Karen answers Denise

Comment by Denise on November 30, 2008 1:27 am

Hi. I’ve not read your book. I just came across it on Amazon. And saw your note, to ask you a question, if I wanted to. I think I’m dissociative. No, not think. I am. There are entire years of my life that I don’t remember. Still don’t remember. I’m 35. My mom divorced my “dad” when I was 13. You can guess why. He was not my genetic father. Thank God. I don’t know how sick I’d feel if he were. Sick about who I am. Hmmm… I just am amazed that I’ve seen probably 4 different therapists. All 4 knew about my past & DID never came up. Not once. I just happened upon it. And, the lack of memory really seems to stand out to me. I’ve often thought, how can a person who was considered “gifted” in school have no memory of such huge sections of her childhood? Am I an idiot? Am I losing my mind? Why can’t I remember playing soccer? Why can’t I remember our house on Coral? Such huge gaps. Even though I’m no longer devastated by what happened to me. And, I know my value is my value and what happened to me has no impact. But, I still can’t recover those memories. Then, when I got married, my mother wanted me to forgive him & invite him to my wedding. Unbelievable. Now, I can’t trust her. She’s my mom.. hm. I can’t trust her with my most fragile parts. That’s horrible. anyway, I have so much more to say. But, enough for now, I think. I think I need to find a therapist who specializes in dissociation. How will I know when I’m “healed?” Normal? Over this? Is this why I have so many highs & lows? I’m happy. Mostly. Then, down. For no reason. Is this why?

Dear Denise,

I appreciate you sharing all that you have before reading Switching Time. Please share your thoughts here afterwards. I can understand all of your concerns whether you are dissociative or not, and why no doctor has diagnosed you as having a dissociative illness when that could explain your distress. It would take a skilled therapist to determine what type of dissociation you have or whether there’s another reason why you can’t recall details of your past.
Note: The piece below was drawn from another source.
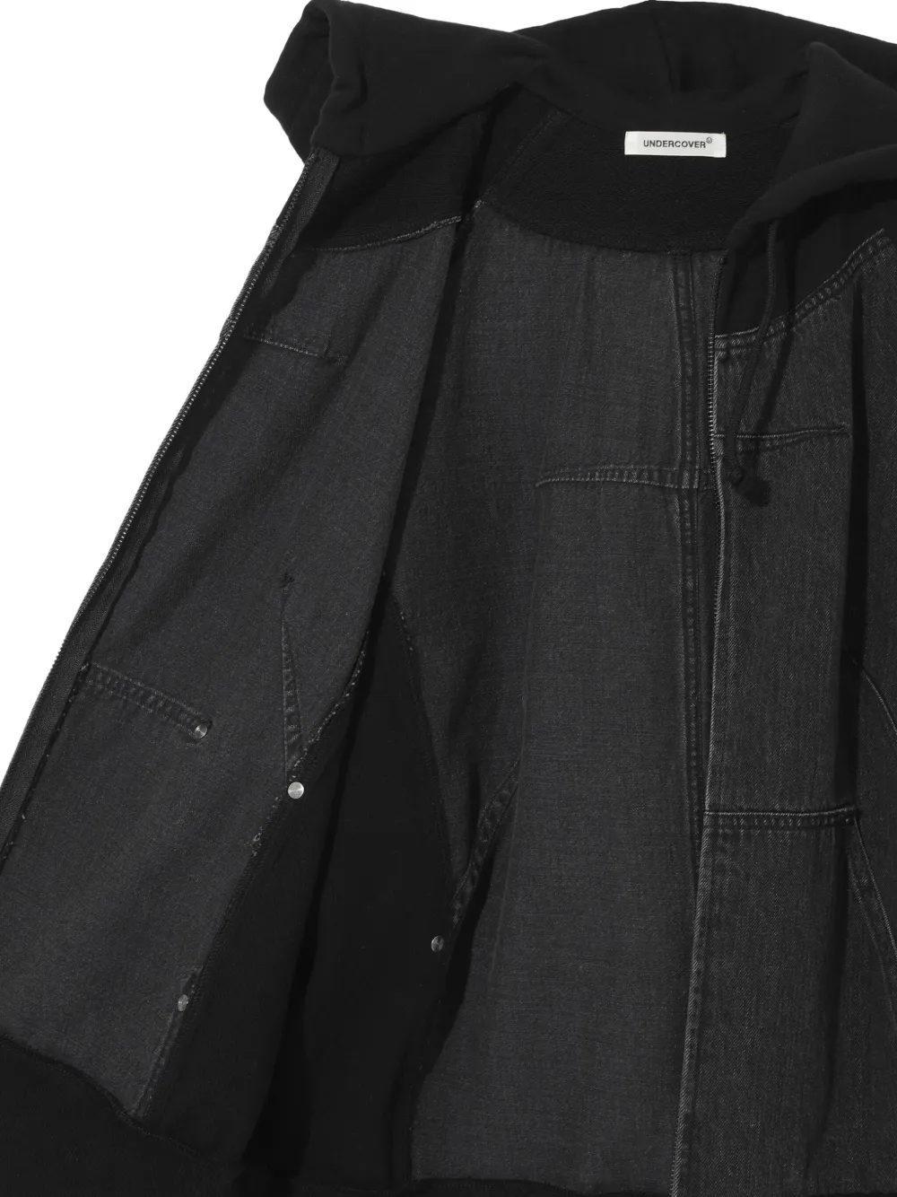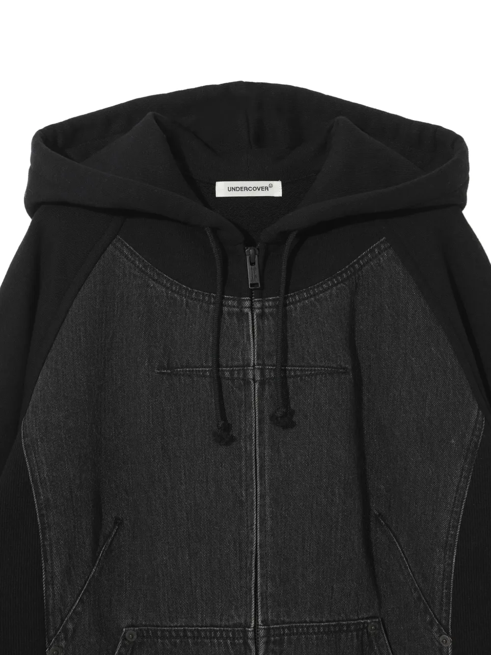 Худи на молнии со вставками из денима Undercover, черный
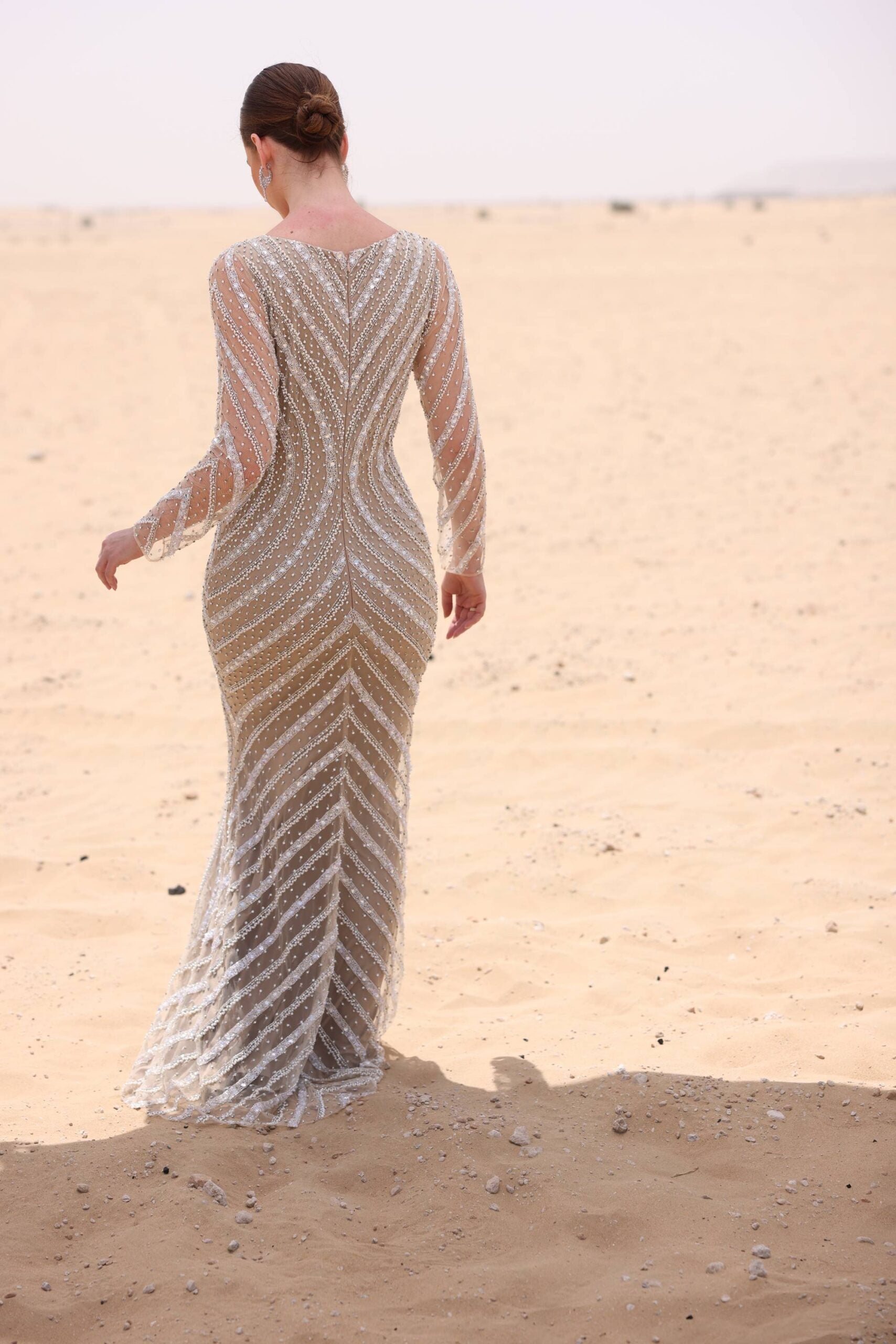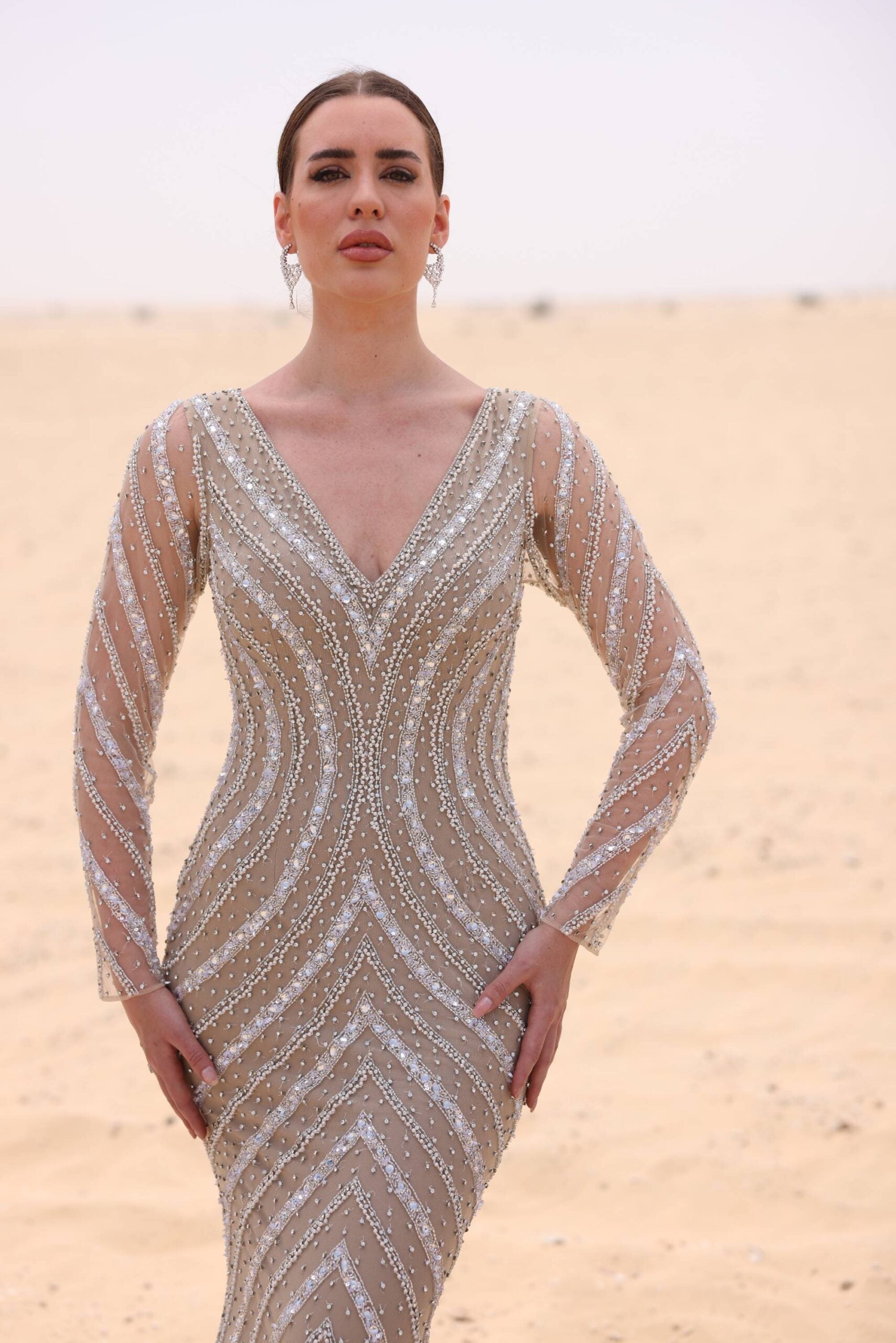 CHIC AND HOLLAND EW990001 DRESS Nude Silver Size 14 Ready To Ship

Please don’t be so hard on yourself, the right therapist is out there somewhere, you just need to find him or her.  I’m sorry you had to go through four therapists already. Having a diagnosis isn’t as important as keeping consistency in a safe therapeutic setting with a qualified therapist, building trust, and taking care of yourself.

I can empathize with your frustrations regarding your lack of memory despite being a gifted child. I, too, felt confused as to why I couldn’t remember how I managed to play the clarinet, oboe, bassoon and saxophone. The only knowledge I regained was in the awards I received, the documentation of what I had accomplished, and the pictures of me in my high school yearbooks, that prove I was there.

Please know that if you are suffering from MPD or DID, you will eventually regain all your lost memories. I did, but not before integration of my alternate personalities was complete and I became one woman. Unfortunately, although all my memories returned, I didn’t regain all my physical skills. I temporarily lost my ability to type, play musical instruments, paint, and drive. I gained the driving part immediately; that was shared by several alters, but I haven’t tried to master anything else. I’m looking forward to the possibility of regaining my ability to accomplish these things again someday.

My mother caused much chaos for me, too. However, my relationship with my mother was only one part of my failure to thrive. You will know you are on the right path to healing when you accept your past and deal with all the emotions that cause your distress. When the healing begins, your highs and lows should lessen, and you will start to feel more confident as your self esteem rises.

I am not a therapist and can’t give advice. In my opinion, it sounds like only you and a qualified therapist can work through the web of hurts you’ve shared here. Please don’t give up, and continue to search for the therapist that’s right for you. I wish you a safe journey.